▶ Task directions: Below are the entries to work from; restate word for word the portion that opens with the line containing "Nature Storybook Seite" and closes with the line containing "미국의 재정 위기는 단순히", keeping both.

[Entries taken from a collection]

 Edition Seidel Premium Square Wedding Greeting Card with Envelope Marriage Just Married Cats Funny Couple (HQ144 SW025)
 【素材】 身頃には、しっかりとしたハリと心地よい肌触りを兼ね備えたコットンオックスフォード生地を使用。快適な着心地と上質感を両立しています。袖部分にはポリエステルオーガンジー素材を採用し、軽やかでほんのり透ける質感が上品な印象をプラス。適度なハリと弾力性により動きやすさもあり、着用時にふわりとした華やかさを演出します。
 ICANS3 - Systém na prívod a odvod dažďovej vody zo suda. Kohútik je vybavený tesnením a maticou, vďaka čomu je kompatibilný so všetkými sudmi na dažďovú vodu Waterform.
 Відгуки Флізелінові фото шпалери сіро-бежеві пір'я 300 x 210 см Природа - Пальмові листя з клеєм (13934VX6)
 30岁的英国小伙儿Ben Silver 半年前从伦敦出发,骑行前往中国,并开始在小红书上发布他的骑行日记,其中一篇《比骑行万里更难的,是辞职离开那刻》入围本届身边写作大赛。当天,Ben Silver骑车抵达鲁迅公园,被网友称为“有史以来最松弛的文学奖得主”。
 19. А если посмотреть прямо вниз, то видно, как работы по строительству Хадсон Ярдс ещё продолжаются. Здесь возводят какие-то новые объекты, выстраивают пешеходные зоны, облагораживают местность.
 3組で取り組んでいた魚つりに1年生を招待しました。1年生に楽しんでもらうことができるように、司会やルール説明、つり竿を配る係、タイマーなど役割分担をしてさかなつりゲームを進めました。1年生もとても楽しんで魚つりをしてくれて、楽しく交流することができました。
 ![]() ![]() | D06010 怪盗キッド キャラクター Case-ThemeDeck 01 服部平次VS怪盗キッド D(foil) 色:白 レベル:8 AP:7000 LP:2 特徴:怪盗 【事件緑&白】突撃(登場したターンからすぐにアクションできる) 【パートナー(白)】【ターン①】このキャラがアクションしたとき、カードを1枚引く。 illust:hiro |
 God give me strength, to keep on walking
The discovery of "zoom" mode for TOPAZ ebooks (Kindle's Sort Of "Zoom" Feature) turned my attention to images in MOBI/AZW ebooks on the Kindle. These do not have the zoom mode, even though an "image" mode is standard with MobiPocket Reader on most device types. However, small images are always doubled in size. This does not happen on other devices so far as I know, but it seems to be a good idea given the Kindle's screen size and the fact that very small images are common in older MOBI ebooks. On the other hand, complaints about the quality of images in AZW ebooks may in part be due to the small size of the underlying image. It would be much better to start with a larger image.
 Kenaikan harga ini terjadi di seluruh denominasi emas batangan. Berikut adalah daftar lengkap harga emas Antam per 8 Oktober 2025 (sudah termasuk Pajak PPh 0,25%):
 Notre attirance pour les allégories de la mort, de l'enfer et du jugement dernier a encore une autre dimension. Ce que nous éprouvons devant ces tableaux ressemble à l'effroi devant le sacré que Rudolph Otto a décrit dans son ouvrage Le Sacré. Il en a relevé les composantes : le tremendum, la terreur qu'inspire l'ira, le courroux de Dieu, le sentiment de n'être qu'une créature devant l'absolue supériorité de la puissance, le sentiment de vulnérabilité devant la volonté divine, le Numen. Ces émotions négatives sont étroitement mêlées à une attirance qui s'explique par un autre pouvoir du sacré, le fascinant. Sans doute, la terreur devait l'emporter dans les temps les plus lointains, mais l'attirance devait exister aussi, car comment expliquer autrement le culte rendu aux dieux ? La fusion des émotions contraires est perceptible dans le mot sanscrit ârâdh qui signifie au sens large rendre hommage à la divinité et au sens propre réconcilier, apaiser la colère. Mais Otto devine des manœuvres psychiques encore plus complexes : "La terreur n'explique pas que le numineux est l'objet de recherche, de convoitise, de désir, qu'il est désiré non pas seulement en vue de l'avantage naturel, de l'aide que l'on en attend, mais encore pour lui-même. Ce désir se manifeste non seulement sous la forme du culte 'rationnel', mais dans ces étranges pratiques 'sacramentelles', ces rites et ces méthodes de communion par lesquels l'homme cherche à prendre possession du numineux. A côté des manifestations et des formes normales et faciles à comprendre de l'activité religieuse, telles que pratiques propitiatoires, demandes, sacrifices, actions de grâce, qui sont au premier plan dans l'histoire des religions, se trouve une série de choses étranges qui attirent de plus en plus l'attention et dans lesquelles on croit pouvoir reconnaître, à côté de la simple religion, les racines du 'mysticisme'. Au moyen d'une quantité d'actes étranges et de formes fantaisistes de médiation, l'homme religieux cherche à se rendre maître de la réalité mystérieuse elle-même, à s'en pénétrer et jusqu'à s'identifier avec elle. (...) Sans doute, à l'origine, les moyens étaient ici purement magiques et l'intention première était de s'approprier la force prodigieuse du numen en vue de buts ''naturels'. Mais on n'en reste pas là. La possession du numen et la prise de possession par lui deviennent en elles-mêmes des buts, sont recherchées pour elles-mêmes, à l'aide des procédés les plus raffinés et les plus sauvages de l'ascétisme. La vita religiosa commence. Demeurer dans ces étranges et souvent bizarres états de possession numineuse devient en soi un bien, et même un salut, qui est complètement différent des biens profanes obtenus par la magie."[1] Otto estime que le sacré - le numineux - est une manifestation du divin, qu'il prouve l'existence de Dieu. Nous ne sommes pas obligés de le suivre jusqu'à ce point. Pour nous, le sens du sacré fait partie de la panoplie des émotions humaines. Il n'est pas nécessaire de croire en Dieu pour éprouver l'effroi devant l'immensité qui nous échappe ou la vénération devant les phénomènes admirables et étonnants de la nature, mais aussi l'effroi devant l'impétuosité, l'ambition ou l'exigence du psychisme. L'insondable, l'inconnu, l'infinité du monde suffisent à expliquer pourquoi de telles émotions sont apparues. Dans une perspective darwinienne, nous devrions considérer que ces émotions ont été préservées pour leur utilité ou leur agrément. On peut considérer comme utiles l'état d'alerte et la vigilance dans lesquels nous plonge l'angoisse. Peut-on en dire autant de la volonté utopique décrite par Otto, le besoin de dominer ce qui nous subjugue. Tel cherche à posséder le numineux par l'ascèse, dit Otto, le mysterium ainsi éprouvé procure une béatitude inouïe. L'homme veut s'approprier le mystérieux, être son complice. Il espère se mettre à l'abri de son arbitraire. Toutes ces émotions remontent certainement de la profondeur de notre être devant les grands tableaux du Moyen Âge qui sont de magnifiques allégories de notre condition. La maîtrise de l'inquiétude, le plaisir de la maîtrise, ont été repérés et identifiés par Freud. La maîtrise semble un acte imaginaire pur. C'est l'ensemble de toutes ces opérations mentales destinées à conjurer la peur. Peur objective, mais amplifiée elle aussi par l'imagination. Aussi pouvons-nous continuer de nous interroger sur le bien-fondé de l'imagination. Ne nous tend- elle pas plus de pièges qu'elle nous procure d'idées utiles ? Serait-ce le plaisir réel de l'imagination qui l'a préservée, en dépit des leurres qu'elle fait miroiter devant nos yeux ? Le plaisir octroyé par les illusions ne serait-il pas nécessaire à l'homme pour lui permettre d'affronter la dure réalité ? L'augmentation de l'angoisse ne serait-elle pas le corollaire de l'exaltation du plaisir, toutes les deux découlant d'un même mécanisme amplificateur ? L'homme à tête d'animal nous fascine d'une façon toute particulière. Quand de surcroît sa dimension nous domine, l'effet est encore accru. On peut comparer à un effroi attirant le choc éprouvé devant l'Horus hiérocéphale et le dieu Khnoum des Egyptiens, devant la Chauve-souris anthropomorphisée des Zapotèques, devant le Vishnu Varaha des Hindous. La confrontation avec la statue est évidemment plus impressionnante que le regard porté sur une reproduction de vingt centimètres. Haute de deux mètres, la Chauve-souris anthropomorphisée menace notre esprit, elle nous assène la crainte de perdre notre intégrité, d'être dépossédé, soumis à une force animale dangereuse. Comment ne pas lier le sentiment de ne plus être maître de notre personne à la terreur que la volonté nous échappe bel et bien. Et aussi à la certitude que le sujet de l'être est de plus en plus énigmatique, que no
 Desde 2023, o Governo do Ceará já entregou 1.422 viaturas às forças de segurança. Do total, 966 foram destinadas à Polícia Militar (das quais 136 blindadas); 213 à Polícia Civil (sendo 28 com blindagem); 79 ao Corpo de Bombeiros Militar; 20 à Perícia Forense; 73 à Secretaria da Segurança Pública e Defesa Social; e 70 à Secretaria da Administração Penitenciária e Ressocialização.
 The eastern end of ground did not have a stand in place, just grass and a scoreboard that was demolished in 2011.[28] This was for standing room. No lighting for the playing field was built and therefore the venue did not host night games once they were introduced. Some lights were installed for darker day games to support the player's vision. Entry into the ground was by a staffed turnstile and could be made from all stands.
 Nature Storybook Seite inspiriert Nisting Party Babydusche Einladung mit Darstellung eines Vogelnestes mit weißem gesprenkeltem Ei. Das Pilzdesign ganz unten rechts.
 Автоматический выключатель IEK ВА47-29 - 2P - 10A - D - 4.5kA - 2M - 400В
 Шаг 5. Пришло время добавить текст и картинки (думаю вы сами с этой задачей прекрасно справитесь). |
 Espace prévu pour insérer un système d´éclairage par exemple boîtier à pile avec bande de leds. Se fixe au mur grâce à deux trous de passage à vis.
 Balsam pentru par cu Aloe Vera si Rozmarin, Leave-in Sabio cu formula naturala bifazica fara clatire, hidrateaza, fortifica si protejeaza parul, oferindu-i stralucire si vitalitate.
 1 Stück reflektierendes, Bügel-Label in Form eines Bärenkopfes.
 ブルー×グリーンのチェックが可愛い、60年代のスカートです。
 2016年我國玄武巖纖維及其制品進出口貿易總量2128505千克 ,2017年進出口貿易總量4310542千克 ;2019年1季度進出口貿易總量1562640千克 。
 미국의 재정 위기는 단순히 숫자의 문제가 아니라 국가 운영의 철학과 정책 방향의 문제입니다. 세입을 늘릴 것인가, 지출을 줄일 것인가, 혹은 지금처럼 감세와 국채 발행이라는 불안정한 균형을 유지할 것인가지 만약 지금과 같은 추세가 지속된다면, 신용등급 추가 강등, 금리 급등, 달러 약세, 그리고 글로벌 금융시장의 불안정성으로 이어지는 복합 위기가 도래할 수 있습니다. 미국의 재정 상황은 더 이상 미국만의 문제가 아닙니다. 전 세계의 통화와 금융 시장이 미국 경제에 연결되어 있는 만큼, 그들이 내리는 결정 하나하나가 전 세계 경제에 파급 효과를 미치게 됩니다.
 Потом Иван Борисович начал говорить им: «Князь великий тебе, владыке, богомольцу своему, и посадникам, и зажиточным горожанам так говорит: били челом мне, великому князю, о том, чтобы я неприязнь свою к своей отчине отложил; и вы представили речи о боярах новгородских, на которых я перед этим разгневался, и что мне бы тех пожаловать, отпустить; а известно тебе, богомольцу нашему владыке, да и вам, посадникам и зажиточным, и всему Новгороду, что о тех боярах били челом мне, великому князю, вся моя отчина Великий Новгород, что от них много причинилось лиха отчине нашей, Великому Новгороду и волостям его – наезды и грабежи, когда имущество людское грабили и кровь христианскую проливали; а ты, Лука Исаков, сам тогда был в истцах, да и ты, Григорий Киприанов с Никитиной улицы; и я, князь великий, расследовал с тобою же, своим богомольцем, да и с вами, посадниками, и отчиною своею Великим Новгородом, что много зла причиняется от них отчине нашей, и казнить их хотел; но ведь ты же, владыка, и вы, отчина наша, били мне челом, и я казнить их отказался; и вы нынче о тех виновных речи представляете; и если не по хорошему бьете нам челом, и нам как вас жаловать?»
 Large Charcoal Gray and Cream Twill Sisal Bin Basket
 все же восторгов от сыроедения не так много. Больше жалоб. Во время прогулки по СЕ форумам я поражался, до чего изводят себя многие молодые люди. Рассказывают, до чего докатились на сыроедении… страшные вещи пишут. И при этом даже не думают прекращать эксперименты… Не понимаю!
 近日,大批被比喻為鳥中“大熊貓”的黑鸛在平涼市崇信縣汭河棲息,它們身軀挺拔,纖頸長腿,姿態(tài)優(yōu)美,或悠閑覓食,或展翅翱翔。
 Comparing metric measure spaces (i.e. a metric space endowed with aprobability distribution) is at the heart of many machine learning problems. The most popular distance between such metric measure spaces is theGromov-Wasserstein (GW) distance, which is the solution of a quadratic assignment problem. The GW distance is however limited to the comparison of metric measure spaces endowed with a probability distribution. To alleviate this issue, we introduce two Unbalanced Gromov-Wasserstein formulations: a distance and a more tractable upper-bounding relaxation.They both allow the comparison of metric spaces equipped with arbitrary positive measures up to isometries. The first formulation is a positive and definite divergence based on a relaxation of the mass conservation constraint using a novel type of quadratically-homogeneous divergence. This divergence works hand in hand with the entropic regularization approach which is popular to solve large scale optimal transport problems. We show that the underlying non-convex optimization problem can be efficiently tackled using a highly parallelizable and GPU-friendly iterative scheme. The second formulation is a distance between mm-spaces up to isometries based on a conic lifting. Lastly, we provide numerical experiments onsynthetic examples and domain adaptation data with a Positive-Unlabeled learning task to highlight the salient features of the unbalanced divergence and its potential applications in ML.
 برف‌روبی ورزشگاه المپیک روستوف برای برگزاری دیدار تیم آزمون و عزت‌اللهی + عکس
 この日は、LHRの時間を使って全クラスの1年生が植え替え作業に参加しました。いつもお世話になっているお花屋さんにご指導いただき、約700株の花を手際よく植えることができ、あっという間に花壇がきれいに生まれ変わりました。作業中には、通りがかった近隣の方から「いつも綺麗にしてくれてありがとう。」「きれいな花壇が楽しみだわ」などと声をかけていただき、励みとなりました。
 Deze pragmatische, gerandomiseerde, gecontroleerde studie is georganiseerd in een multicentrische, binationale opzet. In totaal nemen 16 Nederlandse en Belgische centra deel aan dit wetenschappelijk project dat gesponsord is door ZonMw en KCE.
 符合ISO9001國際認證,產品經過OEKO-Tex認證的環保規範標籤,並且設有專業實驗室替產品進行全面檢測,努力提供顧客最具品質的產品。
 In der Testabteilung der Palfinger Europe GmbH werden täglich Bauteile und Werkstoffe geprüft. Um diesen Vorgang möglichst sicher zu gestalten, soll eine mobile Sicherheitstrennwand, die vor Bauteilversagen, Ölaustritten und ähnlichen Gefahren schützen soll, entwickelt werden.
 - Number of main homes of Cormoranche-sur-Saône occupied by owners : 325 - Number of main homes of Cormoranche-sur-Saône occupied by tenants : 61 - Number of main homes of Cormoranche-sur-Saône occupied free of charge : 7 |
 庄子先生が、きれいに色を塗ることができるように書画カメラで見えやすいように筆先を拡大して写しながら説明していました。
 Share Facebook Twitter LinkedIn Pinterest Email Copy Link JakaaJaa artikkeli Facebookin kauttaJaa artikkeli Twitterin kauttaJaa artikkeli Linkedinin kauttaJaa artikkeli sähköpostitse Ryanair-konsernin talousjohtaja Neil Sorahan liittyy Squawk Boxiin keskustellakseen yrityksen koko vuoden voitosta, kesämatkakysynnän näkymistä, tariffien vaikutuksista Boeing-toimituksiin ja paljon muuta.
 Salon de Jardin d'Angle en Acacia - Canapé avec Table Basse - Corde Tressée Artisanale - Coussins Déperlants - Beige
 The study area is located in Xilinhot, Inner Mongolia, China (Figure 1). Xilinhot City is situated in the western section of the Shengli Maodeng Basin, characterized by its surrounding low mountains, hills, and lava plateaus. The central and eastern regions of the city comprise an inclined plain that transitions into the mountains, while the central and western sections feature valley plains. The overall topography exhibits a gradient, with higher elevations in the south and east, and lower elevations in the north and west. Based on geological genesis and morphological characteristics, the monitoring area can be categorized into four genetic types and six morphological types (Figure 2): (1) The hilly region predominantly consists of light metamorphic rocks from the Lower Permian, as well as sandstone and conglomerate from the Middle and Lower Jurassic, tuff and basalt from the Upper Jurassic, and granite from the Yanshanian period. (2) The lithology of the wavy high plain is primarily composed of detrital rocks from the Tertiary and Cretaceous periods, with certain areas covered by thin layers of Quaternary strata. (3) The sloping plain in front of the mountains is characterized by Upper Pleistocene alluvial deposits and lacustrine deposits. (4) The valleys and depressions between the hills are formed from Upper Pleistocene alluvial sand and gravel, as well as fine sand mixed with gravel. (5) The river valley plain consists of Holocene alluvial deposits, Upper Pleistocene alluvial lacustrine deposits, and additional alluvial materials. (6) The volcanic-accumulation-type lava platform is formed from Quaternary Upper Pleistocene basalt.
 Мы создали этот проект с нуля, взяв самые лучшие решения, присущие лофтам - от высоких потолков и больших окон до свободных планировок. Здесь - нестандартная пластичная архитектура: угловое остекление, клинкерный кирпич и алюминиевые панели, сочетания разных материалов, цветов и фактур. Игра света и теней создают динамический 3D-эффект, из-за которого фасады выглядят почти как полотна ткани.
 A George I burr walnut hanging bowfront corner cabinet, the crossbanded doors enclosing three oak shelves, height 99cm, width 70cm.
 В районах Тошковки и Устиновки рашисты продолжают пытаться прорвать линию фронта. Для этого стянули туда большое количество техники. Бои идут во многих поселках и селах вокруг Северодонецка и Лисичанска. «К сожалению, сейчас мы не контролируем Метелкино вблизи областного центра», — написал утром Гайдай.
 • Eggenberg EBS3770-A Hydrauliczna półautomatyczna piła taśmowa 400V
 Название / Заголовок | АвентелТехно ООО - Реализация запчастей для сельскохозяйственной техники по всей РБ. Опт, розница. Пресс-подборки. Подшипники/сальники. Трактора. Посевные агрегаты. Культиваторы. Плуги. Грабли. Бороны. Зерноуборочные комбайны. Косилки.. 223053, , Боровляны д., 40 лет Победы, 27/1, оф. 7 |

▶ Task response:
 Nature Storybook Seite inspiriert Nisting Party Babydusche Einladung mit Darstellung eines Vogelnestes mit weißem gesprenkeltem Ei. Das Pilzdesign ganz unten rechts.
 Автоматический выключатель IEK ВА47-29 - 2P - 10A - D - 4.5kA - 2M - 400В
 Шаг 5. Пришло время добавить текст и картинки (думаю вы сами с этой задачей прекрасно справитесь). |
 Espace prévu pour insérer un système d´éclairage par exemple boîtier à pile avec bande de leds. Se fixe au mur grâce à deux trous de passage à vis.
 Balsam pentru par cu Aloe Vera si Rozmarin, Leave-in Sabio cu formula naturala bifazica fara clatire, hidrateaza, fortifica si protejeaza parul, oferindu-i stralucire si vitalitate.
 1 Stück reflektierendes, Bügel-Label in Form eines Bärenkopfes.
 ブルー×グリーンのチェックが可愛い、60年代のスカートです。
 2016年我國玄武巖纖維及其制品進出口貿易總量2128505千克 ,2017年進出口貿易總量4310542千克 ;2019年1季度進出口貿易總量1562640千克 。
 미국의 재정 위기는 단순히 숫자의 문제가 아니라 국가 운영의 철학과 정책 방향의 문제입니다. 세입을 늘릴 것인가, 지출을 줄일 것인가, 혹은 지금처럼 감세와 국채 발행이라는 불안정한 균형을 유지할 것인가지 만약 지금과 같은 추세가 지속된다면, 신용등급 추가 강등, 금리 급등, 달러 약세, 그리고 글로벌 금융시장의 불안정성으로 이어지는 복합 위기가 도래할 수 있습니다. 미국의 재정 상황은 더 이상 미국만의 문제가 아닙니다. 전 세계의 통화와 금융 시장이 미국 경제에 연결되어 있는 만큼, 그들이 내리는 결정 하나하나가 전 세계 경제에 파급 효과를 미치게 됩니다.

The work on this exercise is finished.